Task to complete:
Only the lines that hold "Montoya" should be in the answer, each copied from the data below.

*** Source material Section Begins ***

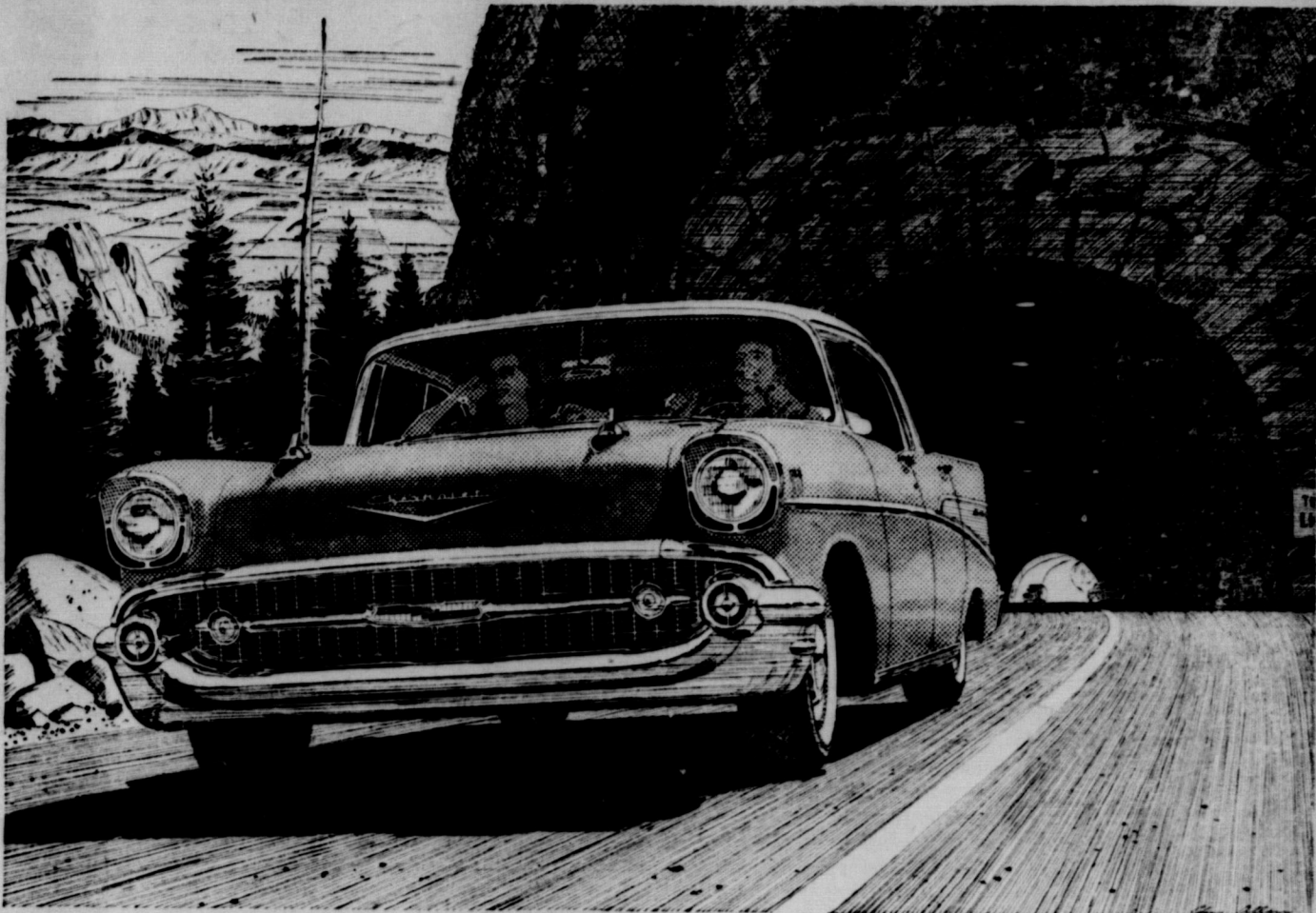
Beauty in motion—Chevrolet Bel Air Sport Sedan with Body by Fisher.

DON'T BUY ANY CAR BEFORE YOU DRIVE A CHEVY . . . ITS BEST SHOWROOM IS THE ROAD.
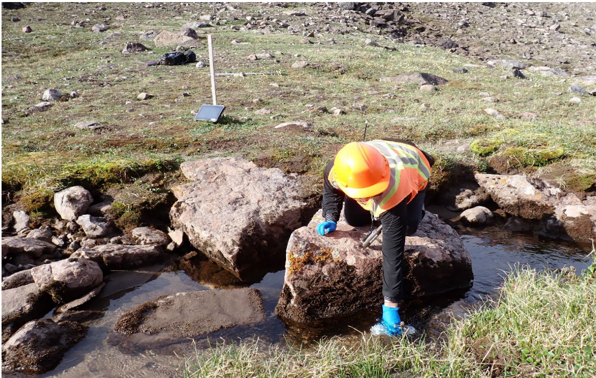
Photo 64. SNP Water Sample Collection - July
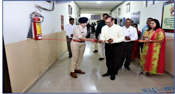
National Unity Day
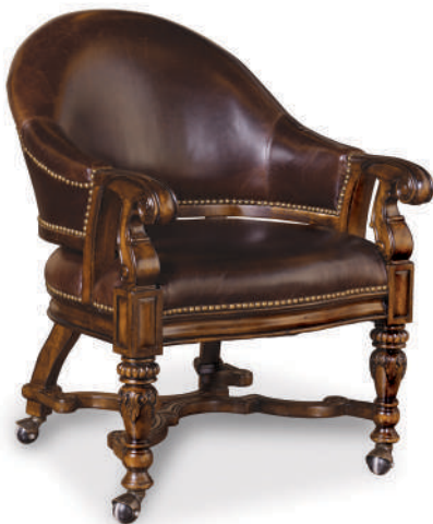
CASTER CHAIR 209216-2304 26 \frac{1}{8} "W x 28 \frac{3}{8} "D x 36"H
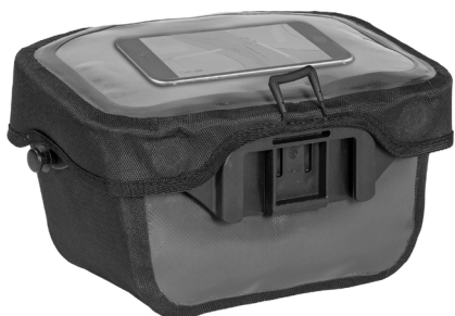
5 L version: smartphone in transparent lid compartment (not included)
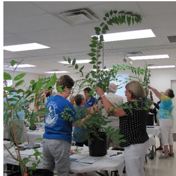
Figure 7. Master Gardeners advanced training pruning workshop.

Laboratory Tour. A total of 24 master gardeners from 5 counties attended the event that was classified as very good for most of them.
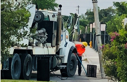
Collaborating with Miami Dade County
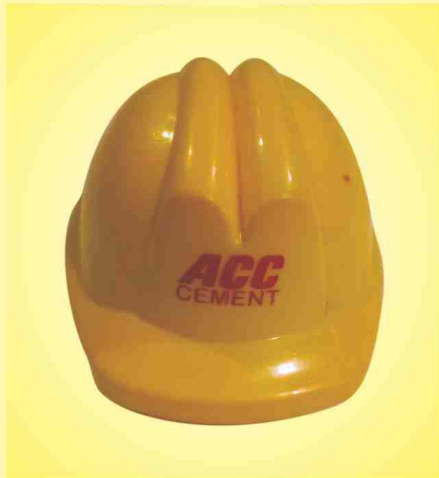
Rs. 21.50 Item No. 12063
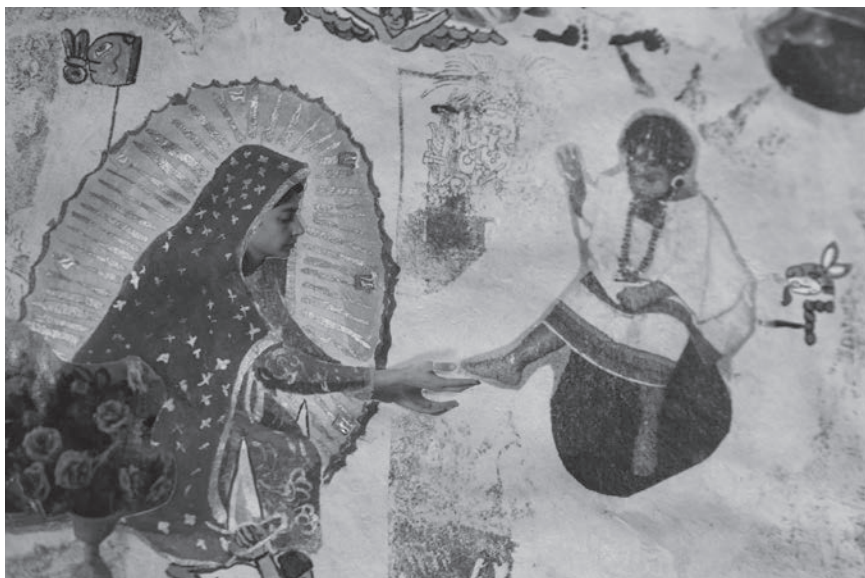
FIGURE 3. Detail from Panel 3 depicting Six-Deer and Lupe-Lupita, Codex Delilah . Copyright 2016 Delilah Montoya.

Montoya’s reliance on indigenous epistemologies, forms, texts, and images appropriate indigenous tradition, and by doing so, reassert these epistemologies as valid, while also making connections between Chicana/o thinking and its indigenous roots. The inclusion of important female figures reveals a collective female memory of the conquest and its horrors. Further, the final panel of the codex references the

*** Source material Section Ends ***

Exercise result:
FIGURE 3. Detail from Panel 3 depicting Six-Deer and Lupe-Lupita, Codex Delilah . Copyright 2016 Delilah Montoya.
Montoya’s reliance on indigenous epistemologies, forms, texts, and images appropriate indigenous tradition, and by doing so, reassert these epistemologies as valid, while also making connections between Chicana/o thinking and its indigenous roots. The inclusion of important female figures reveals a collective female memory of the conquest and its horrors. Further, the final panel of the codex references the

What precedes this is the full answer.